> DATA PROVIDED
• • •
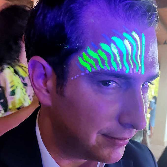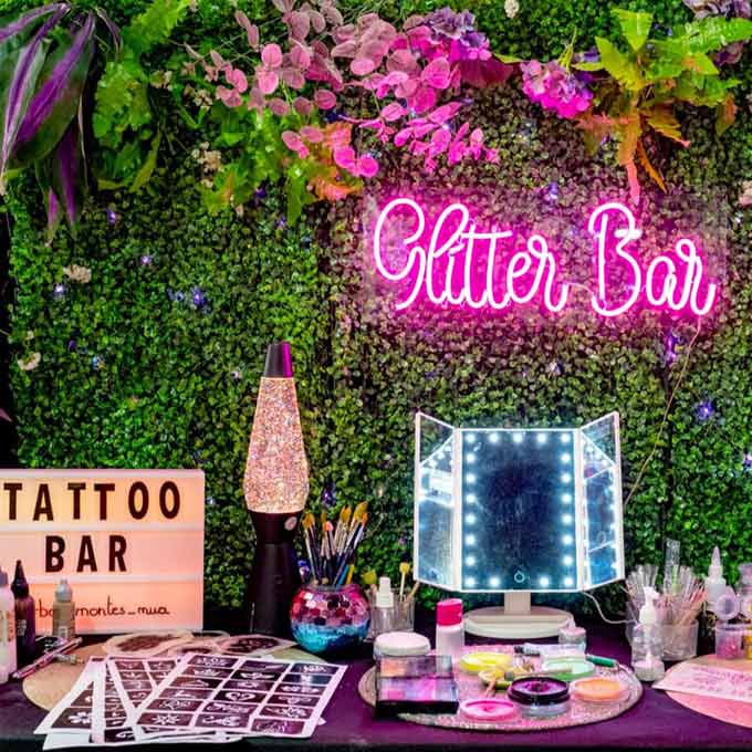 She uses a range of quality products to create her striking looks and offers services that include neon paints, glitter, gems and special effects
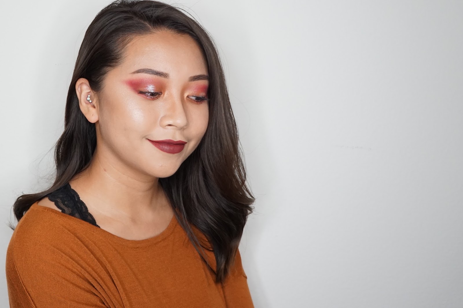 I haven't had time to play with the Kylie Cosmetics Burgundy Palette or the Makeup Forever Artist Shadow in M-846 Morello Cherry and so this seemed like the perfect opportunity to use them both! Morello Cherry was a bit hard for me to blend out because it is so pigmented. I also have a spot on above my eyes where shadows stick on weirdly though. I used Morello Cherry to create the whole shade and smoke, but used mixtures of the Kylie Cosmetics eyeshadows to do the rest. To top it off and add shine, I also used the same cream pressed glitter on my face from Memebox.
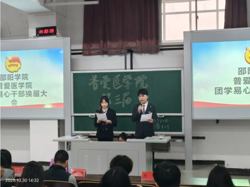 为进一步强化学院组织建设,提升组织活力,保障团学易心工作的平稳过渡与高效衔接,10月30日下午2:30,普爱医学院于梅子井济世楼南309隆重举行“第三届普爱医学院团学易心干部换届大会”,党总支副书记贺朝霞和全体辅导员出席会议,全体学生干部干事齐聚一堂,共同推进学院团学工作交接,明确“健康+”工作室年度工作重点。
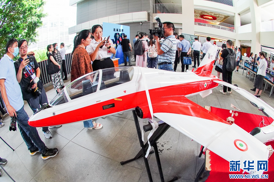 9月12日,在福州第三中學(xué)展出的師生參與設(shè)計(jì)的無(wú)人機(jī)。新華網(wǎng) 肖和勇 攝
• • •
> WORK ITEM
All of the data above should be transcribed verbatim, with pictures omitted.

> RESPONSE AREA
 She uses a range of quality products to create her striking looks and offers services that include neon paints, glitter, gems and special effects
 I haven't had time to play with the Kylie Cosmetics Burgundy Palette or the Makeup Forever Artist Shadow in M-846 Morello Cherry and so this seemed like the perfect opportunity to use them both! Morello Cherry was a bit hard for me to blend out because it is so pigmented. I also have a spot on above my eyes where shadows stick on weirdly though. I used Morello Cherry to create the whole shade and smoke, but used mixtures of the Kylie Cosmetics eyeshadows to do the rest. To top it off and add shine, I also used the same cream pressed glitter on my face from Memebox.
 为进一步强化学院组织建设,提升组织活力,保障团学易心工作的平稳过渡与高效衔接,10月30日下午2:30,普爱医学院于梅子井济世楼南309隆重举行“第三届普爱医学院团学易心干部换届大会”,党总支副书记贺朝霞和全体辅导员出席会议,全体学生干部干事齐聚一堂,共同推进学院团学工作交接,明确“健康+”工作室年度工作重点。
 9月12日,在福州第三中學(xué)展出的師生參與設(shè)計(jì)的無(wú)人機(jī)。新華網(wǎng) 肖和勇 攝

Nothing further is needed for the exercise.